#### What the exercise asks:
Copy each of the entries below faithfully, setting aside any pictures.

Dataset records:
-------

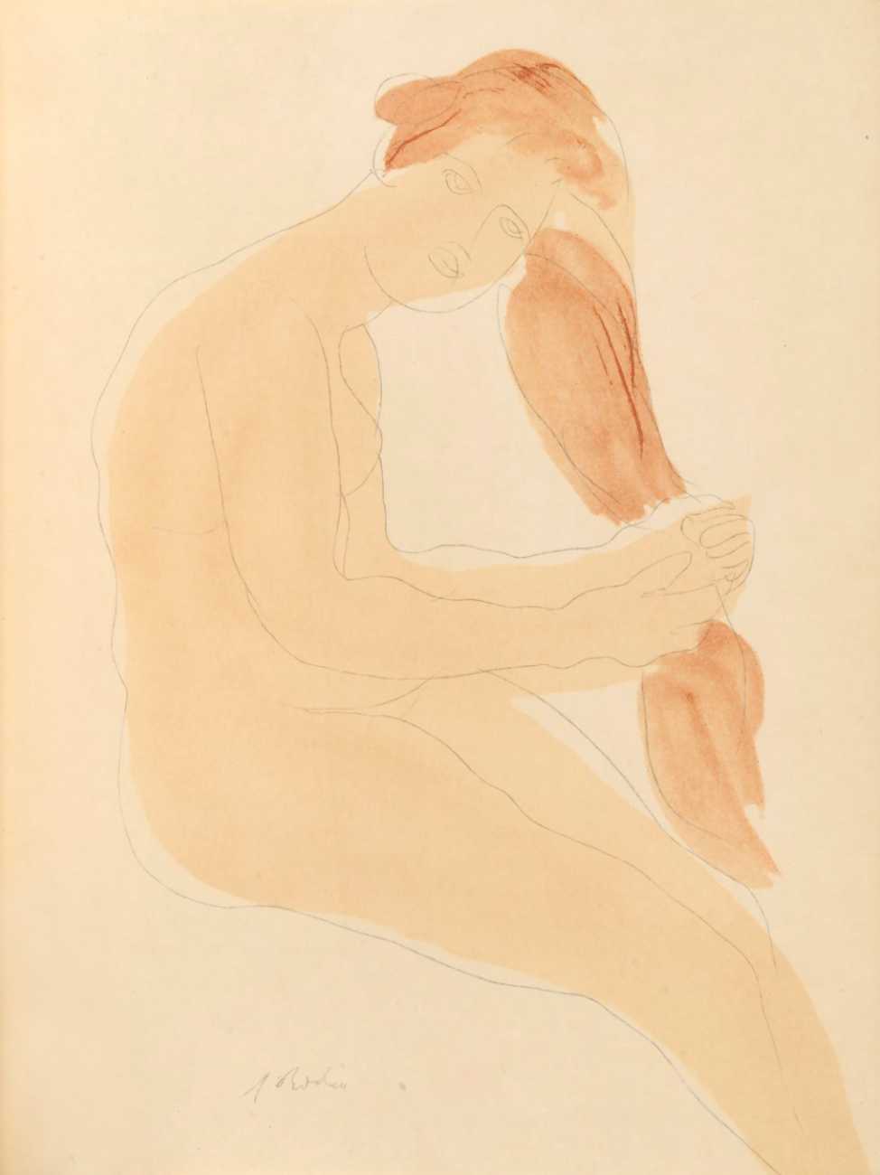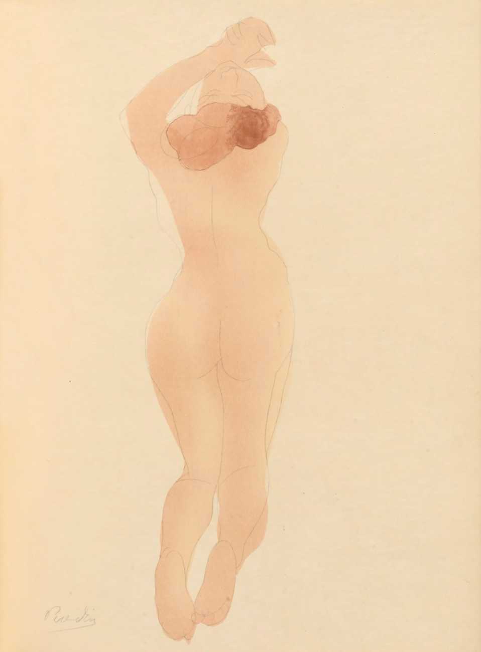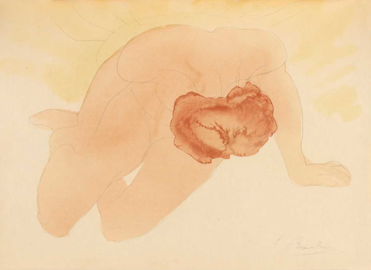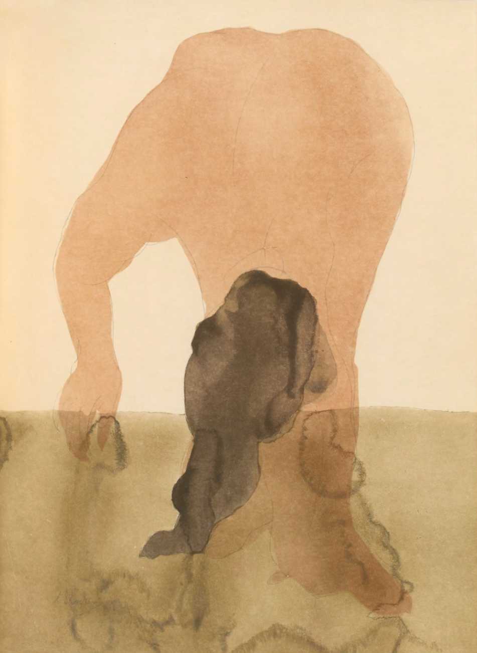 From the outset, however, Rodin had no intention of illustrating Mirbeau’s narrative; he planned to choose the twenty matched illustrations from his recent drawings, more stylised, experimental and uniformly-coloured than his earlier work. The Le jardin des supplices drawings coincided with Rodin’s first one-man exhibition (which included the Jardin drawings). A quotation from the German poet Rainer Maria Rilke sums up the critical response to these works: ‘There appeared these strange documents of the instantaneous, of what happens imperceptibly. Rodin suspected that the unintentional movements executed by the model thinking herself unobserved, if one caught them quickly, could harbour a vigour we have no idea of because we are not used to paying active and sustained attention to them. By not taking his eyes off the model and entirely abandoning the paper to his swift and experienced hand, he drew an infinite number of gestures never seen, always overlooked, and the expressive power they exude is immense.’
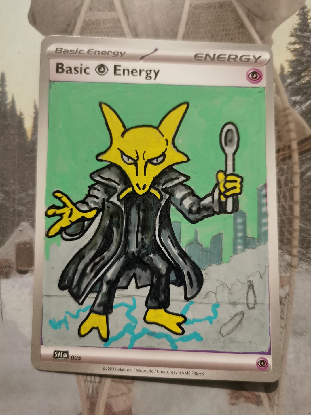 My ideas are getting out of hand now… 😂😂 Here’s Alakazam straight out of the Matrix, trench coat, spoons and all! Can’t help but keep pushing these cards into wild new themes — Pokémon meets movies, games, and anything else my brain throws at me. Another one for the 151 art collection ✅✨(oc)
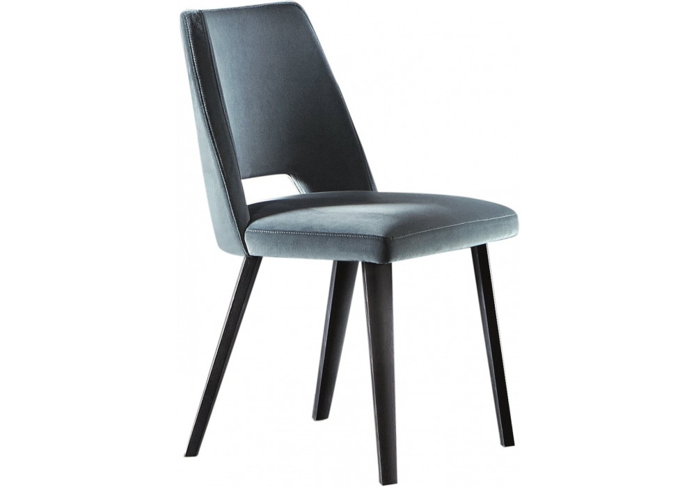 Thea designed by Pinuccio Borgonovo for Gallotti&Radice is a chair with seat and backrest covered by fabric or leather as per samples. Curved plywood backrest, plywood seat with different density polyurethane foam and polyester fibre padding. Black open pore lacquered oak legs.
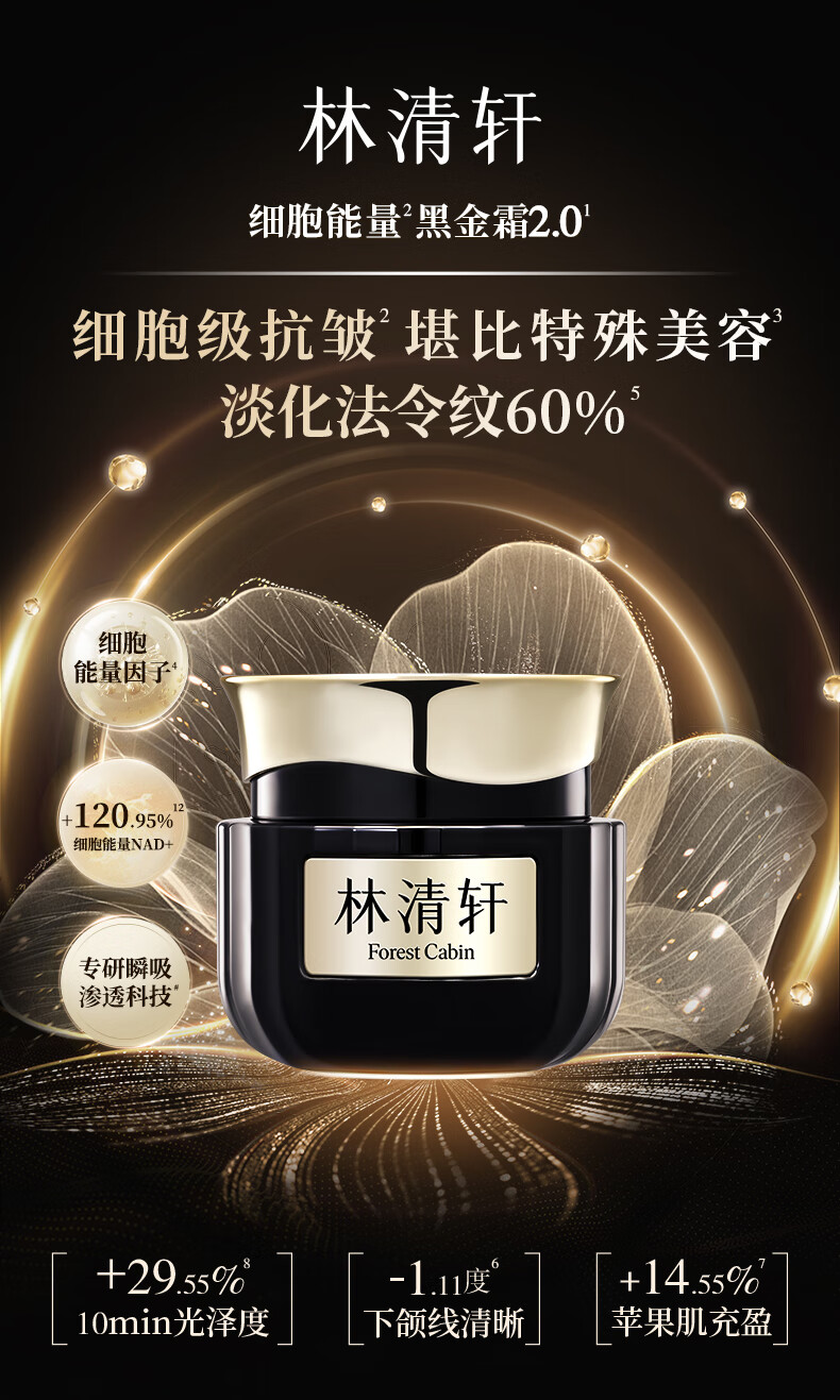 林清轩山茶花黑金时光肽抗皱焕亮精华霜补水保湿紧致圣诞礼物送人 【1.0时光修护】50g
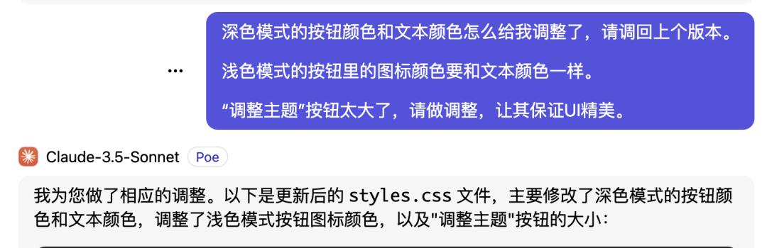 另外一旦逻辑复杂了,上下文联系变长了, AI 就会出幻觉。比如后面就是让它改个颜色,结果它不光动了我的文本,还删掉了我的功能。
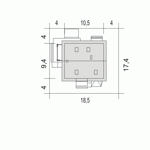 - Minimalne wymiary działki17.4 x 18.5m
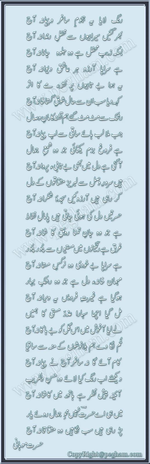 • Ranglaya hai yeh hajom saghar-o-pemana ajj.
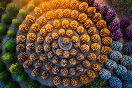 pine cones arranged in a decorative pattern, created with generative ai
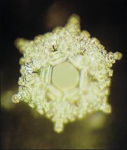 着手实验两个月后,终于拍到了第一张水结晶的照片。那是一张非常美丽的六角形的水结晶。欣喜若狂的研究员来向我汇报这一情况时,我也不禁心内一热。
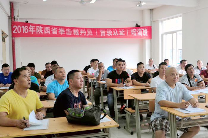本网讯 为提升全省拳击裁判员业务水平,积极为储备十四运会裁判员作准备,结合2016年度陕西省青少年拳击锦标赛(7月29日至8月4日在宝鸡举办),7月26日至28日,来自全省各地的35位拳击裁判员齐聚我校,参加2016年陕西省拳击裁判员(晋级认证)培训班。
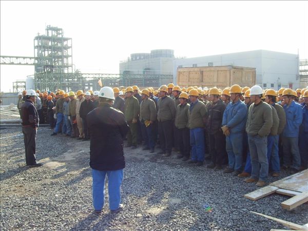 會上,分公司副經理欒立超代表分公司對干好EO裝置的重要意義進行了分析,并部署了質量安全的控制、機械材料的供應、施工技術服務等方面的工作。他號召施工人員要把項目的各項工作落到實處,做到措施落實到位、分工明確、責任到人;同時各個施工小組要認真細化任務,把任務分解到每一周、每一日,在全場形成你追我趕的大干局面。業主阿克蘇—諾貝爾乙烯胺(寧波)有限公司的現場項目經理和管理公司福斯特惠勒國際工程咨詢(上海)有限公司的現場施工經理也在會上給施工人員打氣鼓勵。

-------

#### Response to this task:
 From the outset, however, Rodin had no intention of illustrating Mirbeau’s narrative; he planned to choose the twenty matched illustrations from his recent drawings, more stylised, experimental and uniformly-coloured than his earlier work. The Le jardin des supplices drawings coincided with Rodin’s first one-man exhibition (which included the Jardin drawings). A quotation from the German poet Rainer Maria Rilke sums up the critical response to these works: ‘There appeared these strange documents of the instantaneous, of what happens imperceptibly. Rodin suspected that the unintentional movements executed by the model thinking herself unobserved, if one caught them quickly, could harbour a vigour we have no idea of because we are not used to paying active and sustained attention to them. By not taking his eyes off the model and entirely abandoning the paper to his swift and experienced hand, he drew an infinite number of gestures never seen, always overlooked, and the expressive power they exude is immense.’
 My ideas are getting out of hand now… 😂😂 Here’s Alakazam straight out of the Matrix, trench coat, spoons and all! Can’t help but keep pushing these cards into wild new themes — Pokémon meets movies, games, and anything else my brain throws at me. Another one for the 151 art collection ✅✨(oc)
 Thea designed by Pinuccio Borgonovo for Gallotti&Radice is a chair with seat and backrest covered by fabric or leather as per samples. Curved plywood backrest, plywood seat with different density polyurethane foam and polyester fibre padding. Black open pore lacquered oak legs.
 林清轩山茶花黑金时光肽抗皱焕亮精华霜补水保湿紧致圣诞礼物送人 【1.0时光修护】50g
 另外一旦逻辑复杂了,上下文联系变长了, AI 就会出幻觉。比如后面就是让它改个颜色,结果它不光动了我的文本,还删掉了我的功能。
 - Minimalne wymiary działki17.4 x 18.5m
 • Ranglaya hai yeh hajom saghar-o-pemana ajj.
 pine cones arranged in a decorative pattern, created with generative ai
 着手实验两个月后,终于拍到了第一张水结晶的照片。那是一张非常美丽的六角形的水结晶。欣喜若狂的研究员来向我汇报这一情况时,我也不禁心内一热。
本网讯 为提升全省拳击裁判员业务水平,积极为储备十四运会裁判员作准备,结合2016年度陕西省青少年拳击锦标赛(7月29日至8月4日在宝鸡举办),7月26日至28日,来自全省各地的35位拳击裁判员齐聚我校,参加2016年陕西省拳击裁判员(晋级认证)培训班。
 會上,分公司副經理欒立超代表分公司對干好EO裝置的重要意義進行了分析,并部署了質量安全的控制、機械材料的供應、施工技術服務等方面的工作。他號召施工人員要把項目的各項工作落到實處,做到措施落實到位、分工明確、責任到人;同時各個施工小組要認真細化任務,把任務分解到每一周、每一日,在全場形成你追我趕的大干局面。業主阿克蘇—諾貝爾乙烯胺(寧波)有限公司的現場項目經理和管理公司福斯特惠勒國際工程咨詢(上海)有限公司的現場施工經理也在會上給施工人員打氣鼓勵。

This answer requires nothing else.